Keys touches on meta elements, but never reaches the
heights of The Stanley Parable
In terms of level design, Keys is robust and functional. The idea of exposing how the engine works and maps are constituted as building blocks is touched on, in a Samuel Beckett-esque purposeful removal of immersion, but I found the meaningfulness lacking. It doesn't really go anywhere - conventions aren't subverted, and while there's some imagery in having to descend out of these areas, they feel like part of a much more haunting and grim mod altogether when juxtaposed with Keys' more complex and interesting set pieces.

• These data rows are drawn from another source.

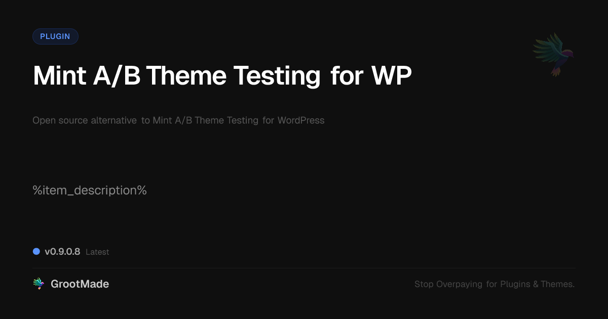 GrootMade is not affiliated with Mint A/B Theme Testing for WP and provides an open-source alternative.
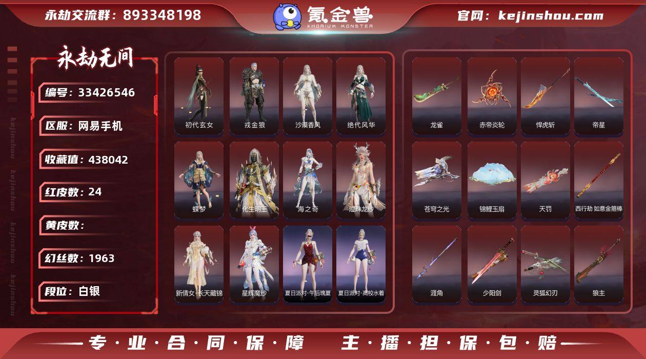 WJ6068,网易手机,5月15可换绑,三人段位白银1,声望11,24红,696金,等级422,收藏值438042,幻丝1963,金砖148,通行证Lv1,变身器,荆魂,应龙号,揽九天,2674初代机,御祥云,炎烈珠,红色神品,墨离,绝代风华,沙漠香风,星辉魔纱,化生明王,新倩女幽魂长天藏锦,戎金狼,初代玄女,蝶梦,泣珠龙纱,海之奇,天罚,苍穹之光,赤帝炎轮,帝星,龙雀,狼主,悍虎斩,涯角,灵犀,西行劫如意金箍棒,锦鲤玉扇,少阳剑,灵狐幻刃,角色金色皮肤,封神录申公豹,幽篁山鬼,灵鹿巫者,朝闻道,金羽客,金沙梦蜀,音浪震荡群星光彩,禄运玉霄,自动人形A2,金襦玉衫,夏日派对仲夏霜华,赤丹朱湛,寒英素雪,姑射真人,祸津素盏,麟鹿大铠,苍雷丸,倒反阴阳凛冬,拳皇不知火舞,观山海青鸟,西行劫白骨夫人,神鹰之女,火罗圣女,花无痕,蜃楼魅影,璨银魔枭,福瑞天泽,龙之道灵心,夏日派对午后瑰夏,夏日派对高校水着,龙之影过江龙,
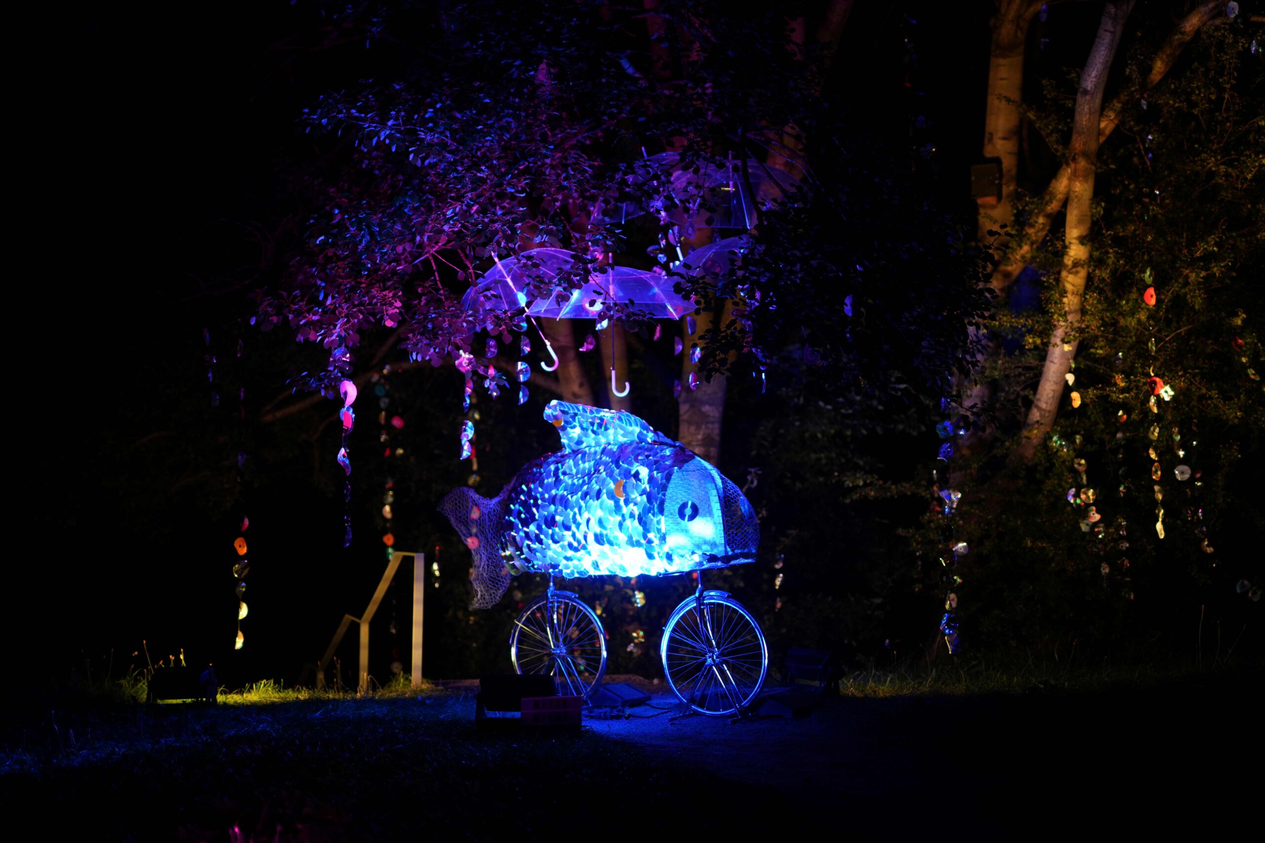 Seit 2021 kooperiert die Stadtpark Norderstedt GmbH mit Studierenden der Hochschule für Künste im Sozialen Ottersberg. Eine Gruppe von Studierenden entwickelt gemeinsam mit dem Stadtpark-Team die Veranstaltung konzeptionell weiter und gestaltete seit dem künstlerischen Objekt als kreativen Beitrag zum ParkFunkeln Norderstedt. Eine tolle Kooperation, die sich hoffentlich noch weiter etablieren und ausbauen lässt.
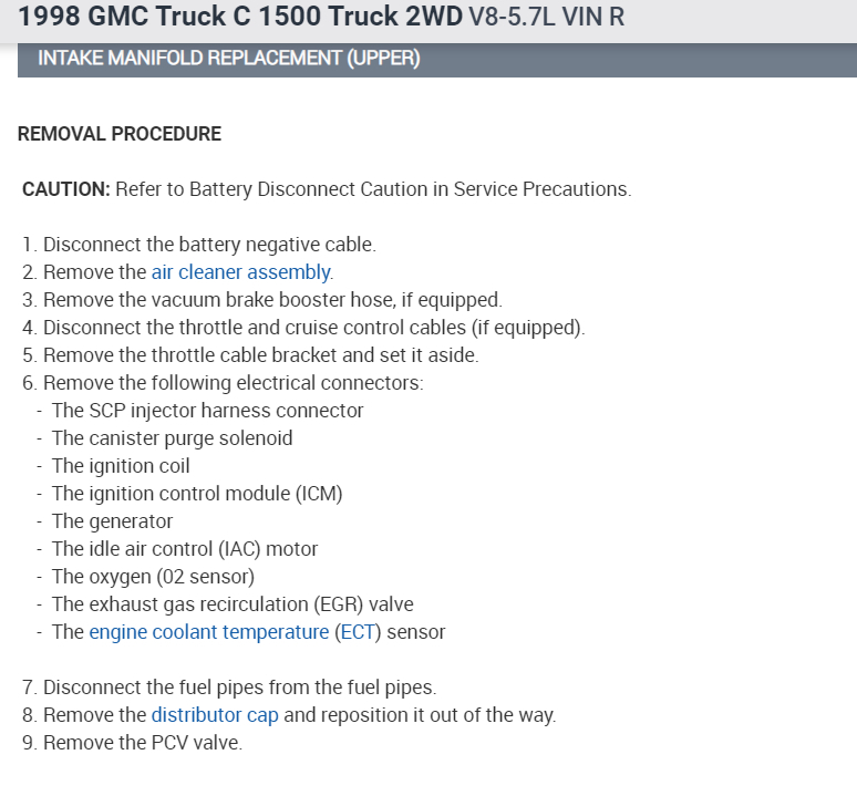3. Remove the Upper Manifold Assembly. Refer to Engine Mechanical.
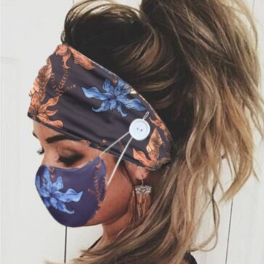 Lovely Plants Print Deep Blue Face Mask(With Headband)
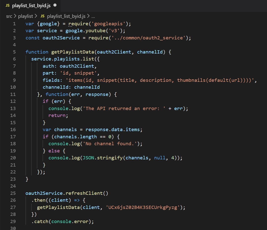 재생목록 정보를 출력하는 코드 5. 인증받고 사용하기 글에서 작성해놓은 OAuth2 클래스를 활용해서 권한 관련 코드가 깔끔하게 정리됐다. playlists 클래스의 list 메서드를 사용한다. 해당 메서드 인자의 id 속성에 '놀면뭐하니?' 채널 아이디를 설정하고 3.API 살펴보기 글에서 설명했던 part와 fields 속성을 통해 시나리오에서 원했던 값들만 얻어왔다.

Those ethereal sequences in turn are open to interpretation, and provide a solid foundation for interaction. They are strung together by a few common themes, and the storytelling finale puts a fair amount of the prior mod into an understandable perspective. The puzzle sequences are understandably simple, but sufficiently involving and unfrustrating, thanks in part to the brilliant soundtrack.

The soundtrack really is a strong point, and one of the stand-out features; haunting guitar melodies underpin your actions, and I have to give credit to the composer. It helps pace the mod, and sets the mood beautifully.



To be fair to the author, minimal gameplay is the name of the non-game here, and Keys is the first mod I've heard called an 'interactive art gallery' without it being a criticism. The line that art mods walk between game and interactive gallery is an interesting one, and the lack of a win/lose condition can raise interesting questions about whether they're really games at all. The question and presentation of art within a medium frequently interrogated for artistic merit haunts the game, and actual gameplay elements allow it to cast aside the complaints that the gorgeous-but-weak Dear Esther's recieved of being little more than a stroll with some narration.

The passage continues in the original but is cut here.